Jukebox reveals are just around the corner. Before that, I'll try to read through some more of the Hugos voter packet. This year, I aim to get to do the zines.
The title is from loading up an old project of mine, Poem Line For Title, which just RNGs a poem line to be used as a title. View the page source (Ctrl+U) to see the pool from which it chooses. The random's choice was rather apt, as today at work, we did a "science demo" to some schoolkids (well, teens) involving putting roses into liquid nitrogen, then giving them to the kids when thoroughly frozen, and letting the kids shatter them onto a tray (to minimize clean-up). Chatting with the new co-worker today about the liquid nitrogen and the flowers (scientists: people who never grew up past the age of 5 and see no reason to), I recalled this Tumblr post about Romace Tokens vs the actually romantic. (Romance Tokens: stuff society sees as romantic. Actually Romantic: something that is tailored to the recip's desires.) I do not like flowers. Culture says I should like them, but I don't. They aren't that pretty, and also, they only last for a bit before having to be thrown away. Stuffing a bouquet in liquid nitrogen and then shattering the flowers, one by one, on the other hand is much more appealing. Indeed, I might even call it enthralling. By liberal application of liquid nitrogen (which boils at -196°C, or 77 K, or -320°Fake, whichever you prefer), Appreciation Tokens transform into something I can have fun with. (Liquid nitrogen is fun by itself, too, of course. After the roses ran out, I quickly – quickly! – dunked fingers in and out*, and also got to play with exhaling into the container, which generated a vast cloud of tiny ice crystals like frost, and made the air currents visible.)
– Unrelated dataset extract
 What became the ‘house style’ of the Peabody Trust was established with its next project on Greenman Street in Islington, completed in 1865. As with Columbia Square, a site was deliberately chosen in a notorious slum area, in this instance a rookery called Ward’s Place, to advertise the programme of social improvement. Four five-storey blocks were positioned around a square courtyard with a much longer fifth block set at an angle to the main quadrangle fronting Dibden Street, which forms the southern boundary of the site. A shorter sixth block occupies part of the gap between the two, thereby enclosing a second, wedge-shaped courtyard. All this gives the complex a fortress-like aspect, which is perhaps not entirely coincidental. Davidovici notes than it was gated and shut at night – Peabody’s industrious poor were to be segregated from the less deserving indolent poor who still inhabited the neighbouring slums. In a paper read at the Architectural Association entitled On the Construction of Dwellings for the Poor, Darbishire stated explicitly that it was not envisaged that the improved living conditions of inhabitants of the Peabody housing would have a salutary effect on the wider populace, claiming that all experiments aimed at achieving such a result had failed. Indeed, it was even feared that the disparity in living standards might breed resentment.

Hm, I wouldn't have gotten all that without my prompt generator. I'd have just left it at "I got to play with liquid nitrogen at work – it's still cool!" and not had the red thread of the roses throughout. Perhaps I should try to use it as self-reflection and writing prompt more often.
* The way this works is that my finger is warm enough (c. 37°C) that it evaporates itself a protective envelope of gaseous nitrogen, which is a worse conductor of heat. Done quickly enough, the envelope doesn't dissipate. Don't leave the finger in.